## Supplied records
####################
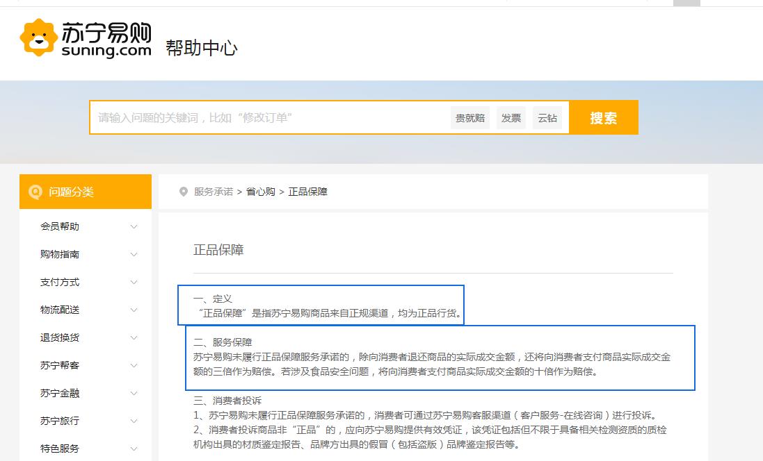 而法院查明,苏宁易购网站“服务承诺>省心购>正品保障”页面载明:一、定义,“正品保障”是指苏宁易购商品来自正规渠道,均为正品行货。二、服务保障,苏宁易购未履行正品保障服务承诺的,除向消费者退还商品的实际成交金额,还将向消费者支付商品实际成交金额的三倍作为赔偿。
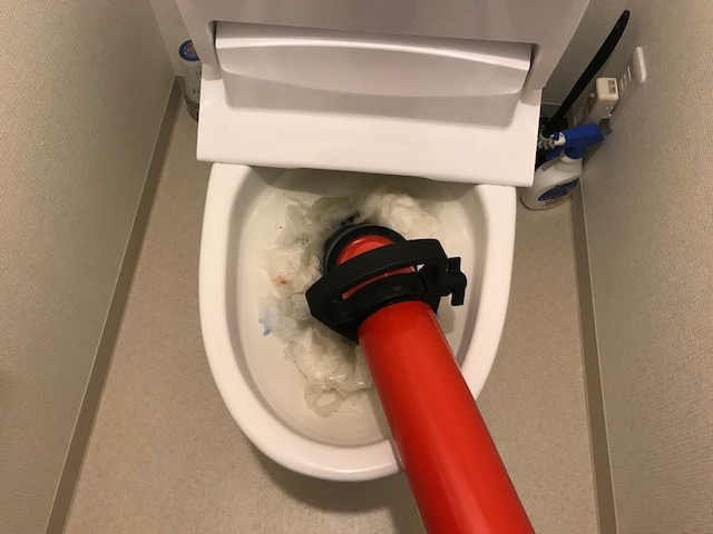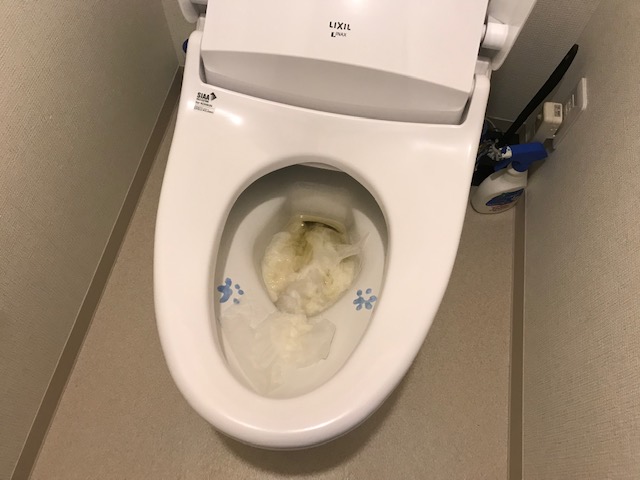 比較的新しい物件で、トイレも節水型でしたので、流し方によっては詰まってしまいますね。
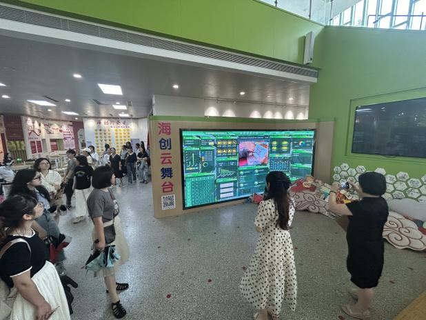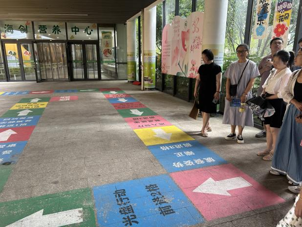 海创小学英语组教师带领大家参观了校园内丰富的场馆资源,包括“海创树屋”“海创良田”“海创码头”等特色场馆。这些场馆不仅是学生实践学习的场所,更融入了AI技术:生态园中,学生利用AI工具制作植物双语名片,解决植物辨识问题;大厅的“AI运动系统”则通过人脸识别为学生提供跳绳排名激励,激发运动兴趣。
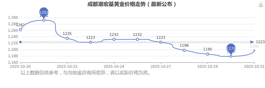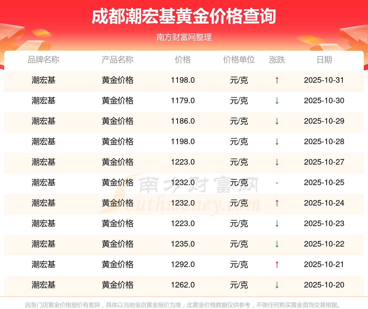 于 2025年11月1日,成都潮宏基黃金價格的克價為1198.0元/克。
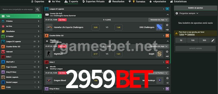 O 2959bet oferece uma grande seleção de opções de apostas em e-sports com probabilidades competitivas
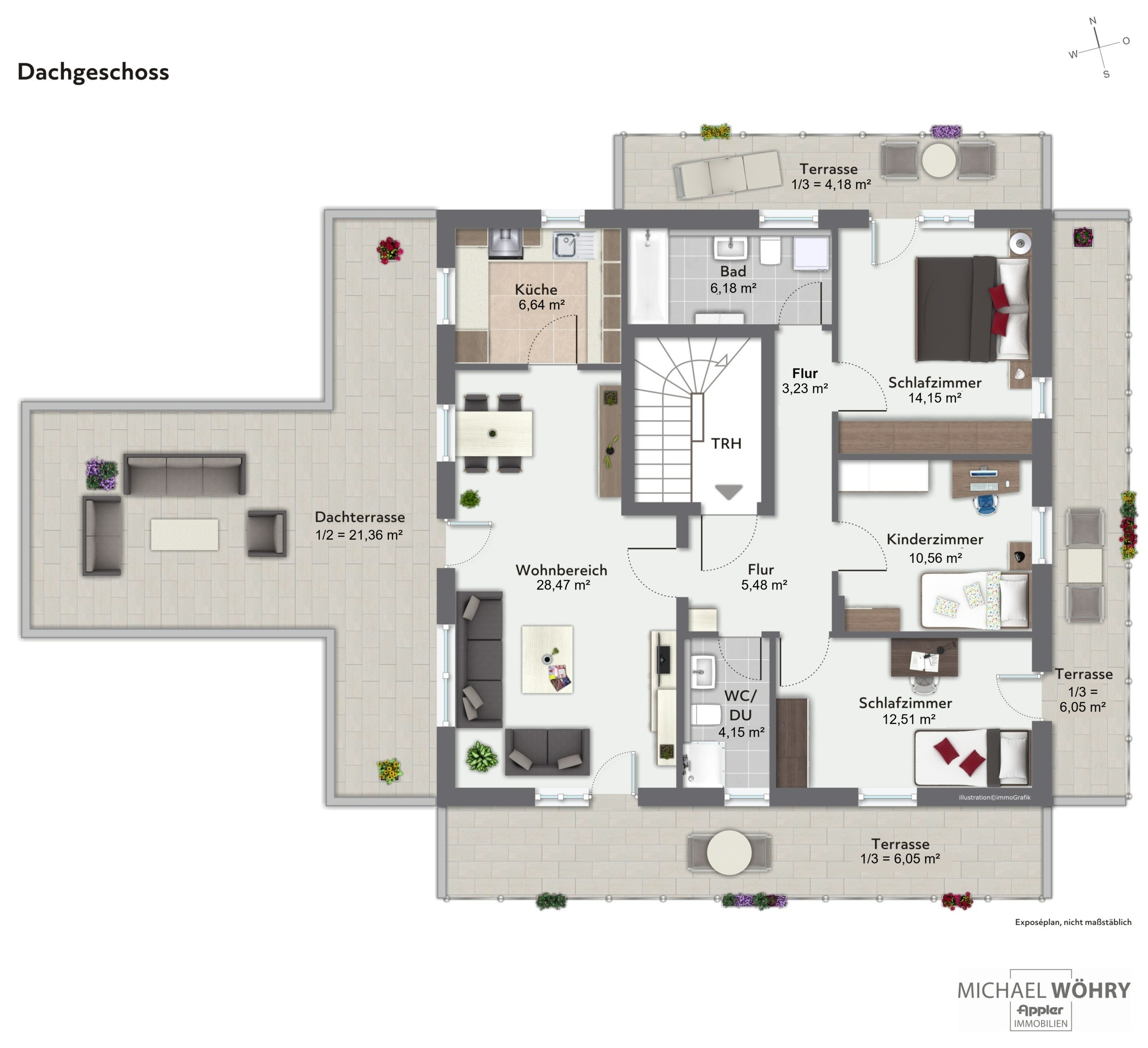 + über 42 m² Dachterrasse mit Süd und Westausrichtung
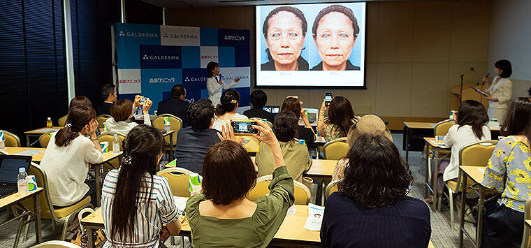 「ヒアルロン酸治療が女性を変える」をテーマに、20~50代の女性たちで満席となった会場で、その最新事情を教えてくれた。
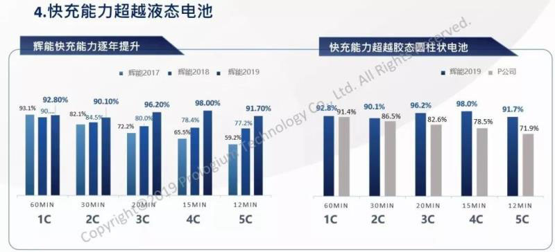 根據(jù)輝能此前提供的數(shù)據(jù)來(lái)看,2019年能實(shí)現(xiàn)5C倍率12分鐘充電91.70%。
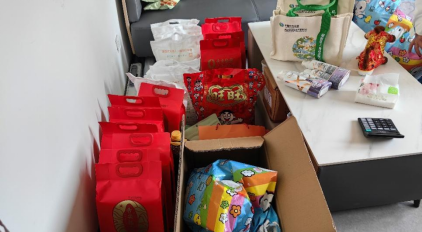 随后,同事和护工们齐心协力将带来的米、面、油、猪肉等食物,还有马年玩偶、洗发水等生活物品搬进康养中心内,将所有物资摆放整齐,并细心叮嘱护工将猪肉冻起来,和老人逐一告别后离开。
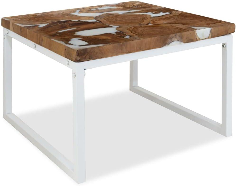 vidaXL Unique Tea and Resin Coffee Table – Stylish Modern‍ Living Room⁢ Furniture with steel Frame & Handmade Genuine​ Teak Tabletop ⁤- 23.6″ x 23.6″ x 15.7″
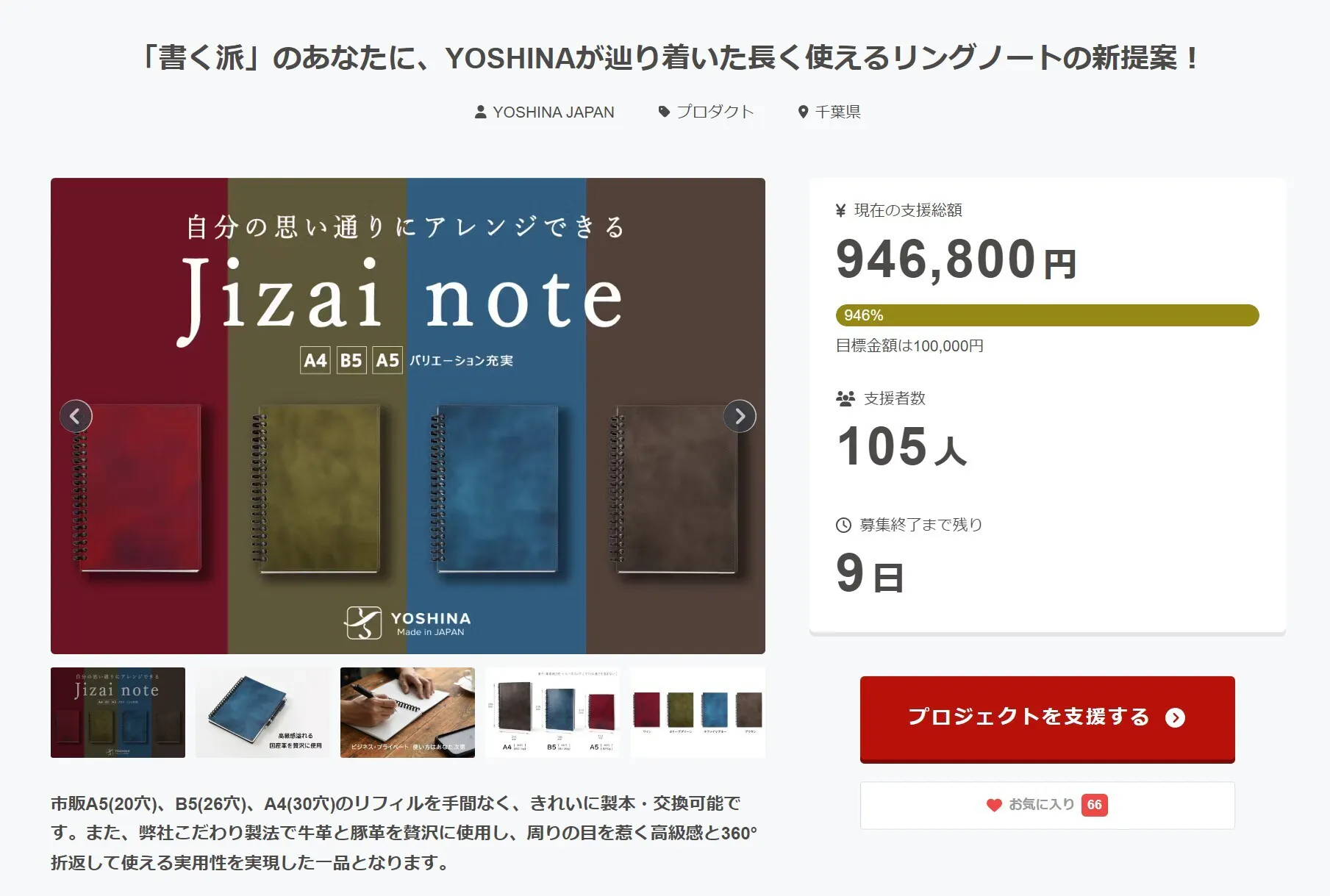 この度は、YOSHINA「自在ノート」のご支援を頂き、誠にありがとうございます。プロジェクトもいよいよ残り9日間で終了になります。お陰様で、当初予定していた目標を大幅に達成し、スタッフは喜びと共に、ものづくりのチャンスを頂けたことに大変感謝しております。
####################
## Exercise objective
Output every entry exactly. Pictures stay out.

## Solution for this problem
 而法院查明,苏宁易购网站“服务承诺>省心购>正品保障”页面载明:一、定义,“正品保障”是指苏宁易购商品来自正规渠道,均为正品行货。二、服务保障,苏宁易购未履行正品保障服务承诺的,除向消费者退还商品的实际成交金额,还将向消费者支付商品实际成交金额的三倍作为赔偿。
 比較的新しい物件で、トイレも節水型でしたので、流し方によっては詰まってしまいますね。
 海创小学英语组教师带领大家参观了校园内丰富的场馆资源,包括“海创树屋”“海创良田”“海创码头”等特色场馆。这些场馆不仅是学生实践学习的场所,更融入了AI技术:生态园中,学生利用AI工具制作植物双语名片,解决植物辨识问题;大厅的“AI运动系统”则通过人脸识别为学生提供跳绳排名激励,激发运动兴趣。
 于 2025年11月1日,成都潮宏基黃金價格的克價為1198.0元/克。
 O 2959bet oferece uma grande seleção de opções de apostas em e-sports com probabilidades competitivas
 + über 42 m² Dachterrasse mit Süd und Westausrichtung
 「ヒアルロン酸治療が女性を変える」をテーマに、20~50代の女性たちで満席となった会場で、その最新事情を教えてくれた。
 根據(jù)輝能此前提供的數(shù)據(jù)來(lái)看,2019年能實(shí)現(xiàn)5C倍率12分鐘充電91.70%。
 随后,同事和护工们齐心协力将带来的米、面、油、猪肉等食物,还有马年玩偶、洗发水等生活物品搬进康养中心内,将所有物资摆放整齐,并细心叮嘱护工将猪肉冻起来,和老人逐一告别后离开。
 vidaXL Unique Tea and Resin Coffee Table – Stylish Modern‍ Living Room⁢ Furniture with steel Frame & Handmade Genuine​ Teak Tabletop ⁤- 23.6″ x 23.6″ x 15.7″
 この度は、YOSHINA「自在ノート」のご支援を頂き、誠にありがとうございます。プロジェクトもいよいよ残り9日間で終了になります。お陰様で、当初予定していた目標を大幅に達成し、スタッフは喜びと共に、ものづくりのチャンスを頂けたことに大変感謝しております。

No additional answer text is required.